It is widely believed that forests help improve water quality by reducing soil erosion (and hence reducing silt) as well as filtering out nutrients and pollutants carried in water, which allows the municipal drinking water supply sector to simplify or expedite many costly water treatment procedures and thereby save on operating costs. This study statistically quantifies such cost savings in the contexts of China’s Sichuan province, by analyzing how drinking water treatment costs change in response to changes in upstream forest cover. A primary novel contribution of this study is to measure the cost-saving effects delivered by forests at different distances upstream from the water intake point. The main findings are as follows.
- An increase in forest cover within 3km upstream of the water intake point is likely to reduce drinking water treatment costs. There is no statistical evidence for such cost-saving effects associated with forest cover in more distant upstream locations beyond the 3km radius. The country’s Ministry of Environmental Protection recommends that the primary and secondary drinking water protection areas should jointly cover at least a 3km radius upstream from a water intake point, which is in line with our result.
- The cost-saving effect of forest cover is likely to be moderate. My results suggest that a 1% increase in forest cover within 3 km upstream would reduce drinking water treatment costs by almost 0.02%. The annual total cost savings of all forest cover in the 3km radius amounts to 63 million yuan (USD 9.5 million). These results are smaller than the results of previous studies focusing on the tropics such as India and Malaysia, but are more comparable to the results from higher latitude regions such as France and Portugal.
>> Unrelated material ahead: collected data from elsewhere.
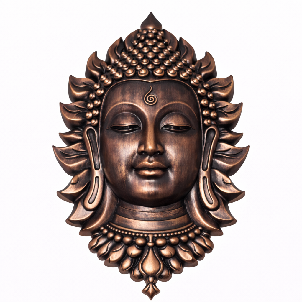 ఈ బుద్ధుడి ముఖ వాల్ ఆర్ట్ శాంతి, సమతుల్యత మరియు ఆధ్యాత్మికతకు ప్రతీకగా నిలిచే అందమైన అలంకరణ వస్తువు. కాపర్ మరియు బ్రౌన్ టోన్ ఫినిష్లో రూపొందించిన ఈ డెకర్ ఎంతో రాయల్ మరియు క్లాసిక్ లుక్ను అందిస్తుంది. బుద్ధుడి ప్రశాంతమైన ముఖ భావం మరియు మూసిన కళ్ల రూపం ధ్యాన స్థితిని సూచిస్తుంది.
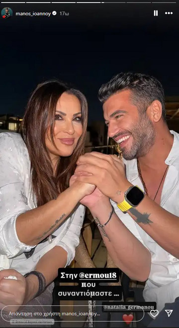 Η Ναταλία Γερμανού και ο Μάνος Ιωάννου συναντήθηκαν στο κέντρο της Αθήνας σε γνωστό εστιατόριο με φόντο την Ακρόπολη. Ο ηθοποιός μοιράστηκε φωτογραφία κρατώντας το χέρι της παρουσιάστριας.
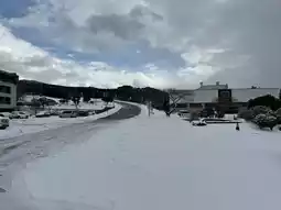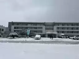 The garden in front of the hotel, which became a completely white world after the snow fell, is beautiful.
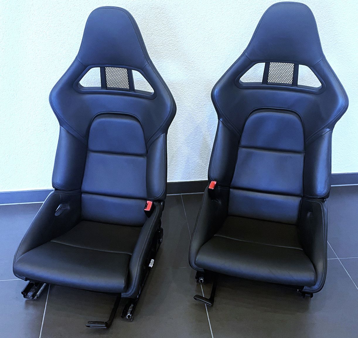 Preis für 1 Paar, links und rechts, originale Porsche-Sitze (kein Nachbau), Echtleder schwarz (Original-Bezug) mit silber-grauer Naht, klappbare Carbon-Rückenlehnen (ohne Kratzer), mit integriertem Thorax-Airbag und manueller Längsverstellung, diese Sitze sind kaum noch zu bekommen, Neupreis bei Porsche : 24.000,- Euro, keine Beschädigungen, guter gebrauchter Zustand, im Kundenauftrag abzugeben, wegen dem Gewicht und Wert ist kein Versand möglich, nur Abholung und Barzahlung bei unserem Kunden oder bei uns nach Terminvereinbarung, der Verkauf läuft nicht über uns / deswegen ist auch keine Ausstellung einer Rechnung oder Ausweisung der Mwst. möglich, der angegebene Preis ist der Endpreis für einen Privatverkauf, Preisrabatt eventuell möglich / Anfragen bitte über email
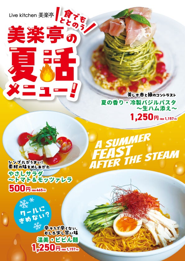 館内レストラン「美楽亭」にて、見た目も爽やかな夏限定メニューが登場。
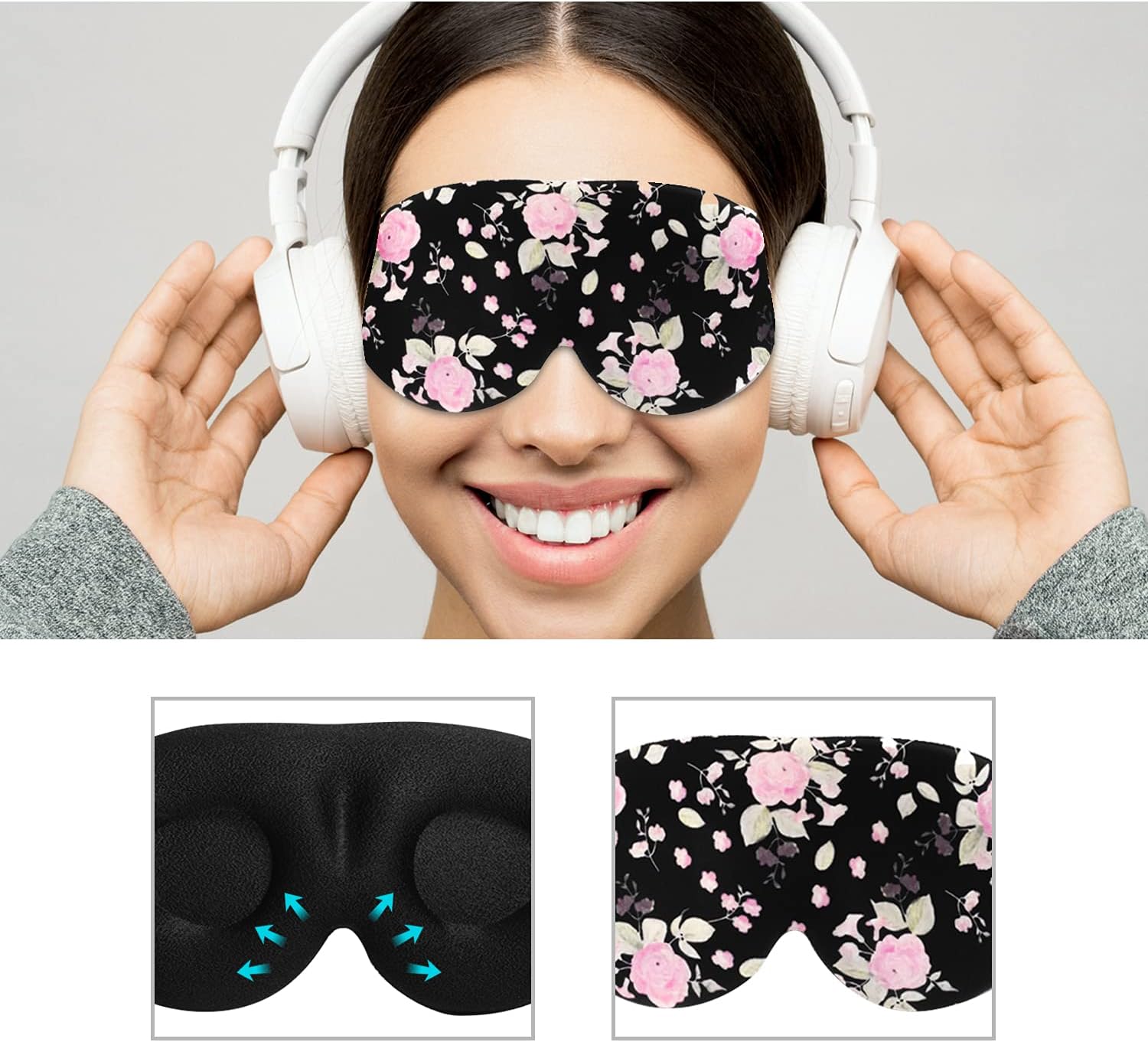 ❤[Elastic headband]: The sleep eye mask uses a comfortable, adjustable and soft headband, which will not entangle your hair or pillows, and can comfortably surround your head, suitable for long-term wear. Let you form the most comfortable fit in any sleeping position.
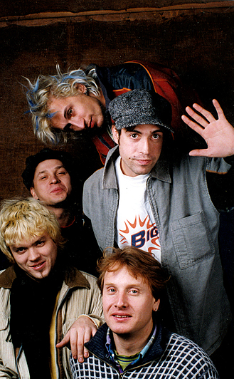 Максим Покровский (в центре) и остальные участники группы «Ногу свело». Фото Александра Прохорова.
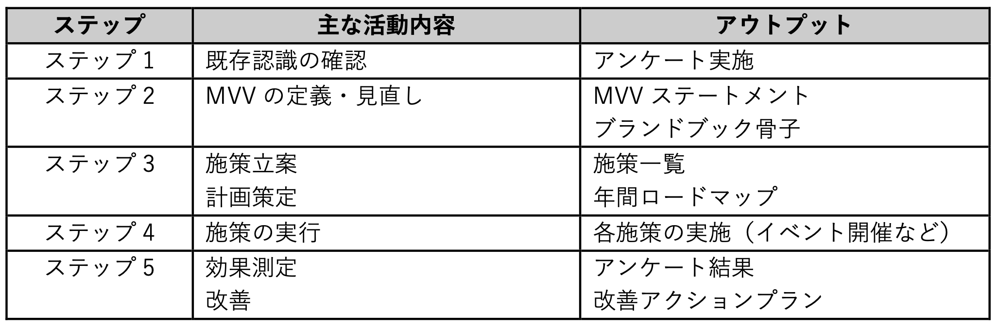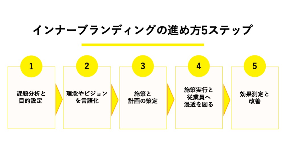 インナーブランディングを成功させるためには、戦略的かつ計画的に進めることが重要です。ここでは、基本的な5つのステップを紹介します。
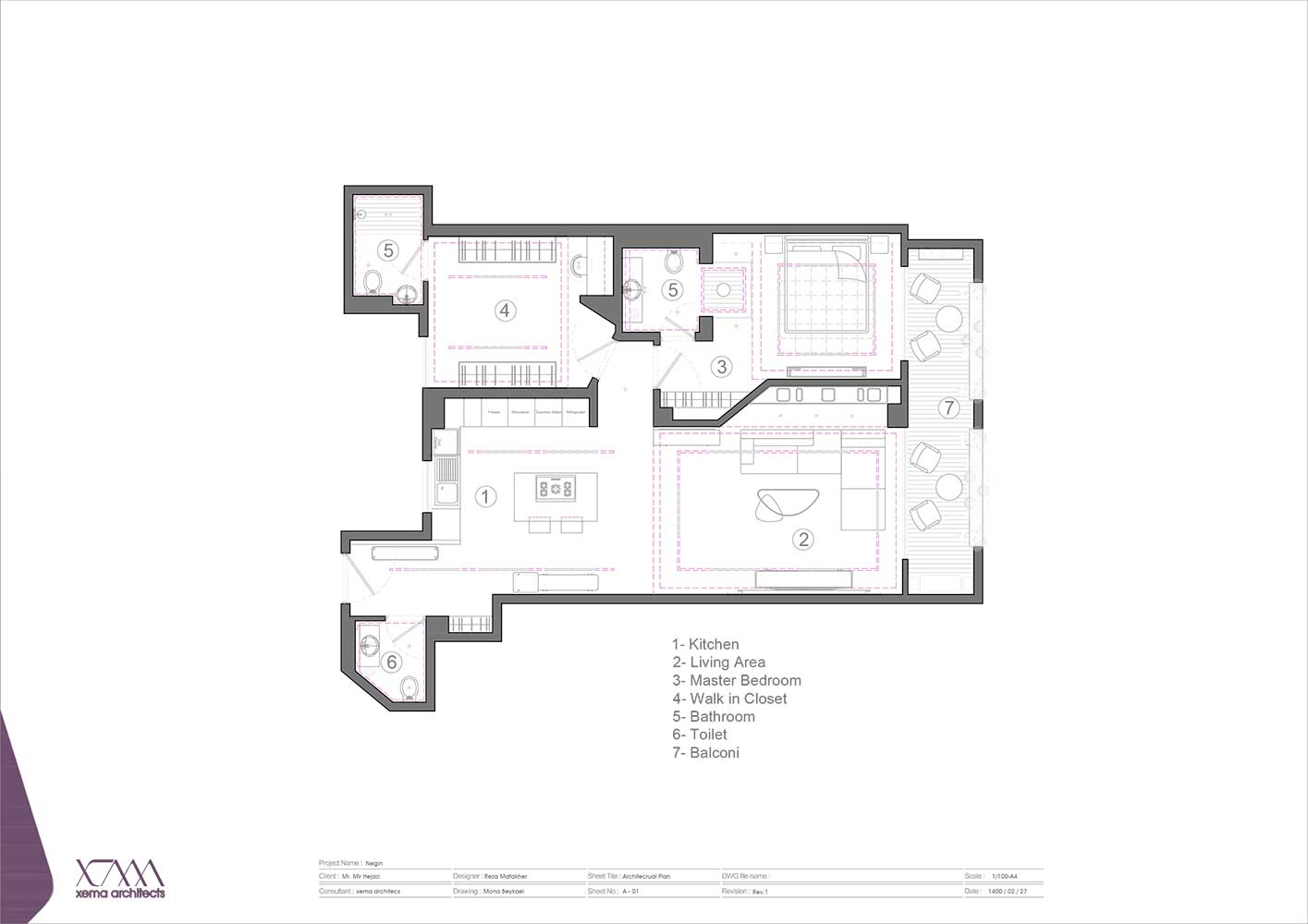 اتاق مستر، ابعاد مناسب تری پیدا کرد، سرویس اتاق مستر با این تغییرات ابعادی به گونه ای طراحی شد که ارتباط موثرتری با اتاق خواب داشته باشد. بخش دوش به فرم یک مکعب شفاف شیشه ای از محدوده سرویس جدا و به سمت سرویس خواب کشیده شد. اتاق مهمان به صورت دو منظوره و شامل اتاق خواب و اتاق لباس در نظر گرفته شده است.
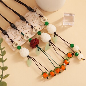 新品柿柿如意自動車ストラップ瑠璃民族風編みバックミラーストラップ車載装飾ストラップ文芸

- These findings have practical implications for forest conservation. In an attempt to conserve forests as a means of reducing drinking water treatment costs, it might be economically more worthwhile to focus on upstream forests within a certain radius of the water intake point, rather than overstretch efforts and resources to conserve all forests in the entire catchment.
- The study contributes to ecosystem services accounting, which is a process of assigning monetary values to natural resources, so that they can be considered along with industrial and agricultural production when balancing economic activity against environmental protection. In forest ecosystem services accounting, it has been common to assign the same value for water purification to the entire forest, instead of assigning different values for water purification that depend on how close an area of forest is to the water source.
This brief is based on: Valuing Water Purification Services of Forests: A Production Function Approach Using Panel Data from China's Sichuan Province, EfD Discussion Paper 20-29, August 2020, by Zhaoyang Liu, Department of Land Economy, University of Cambridge, UK.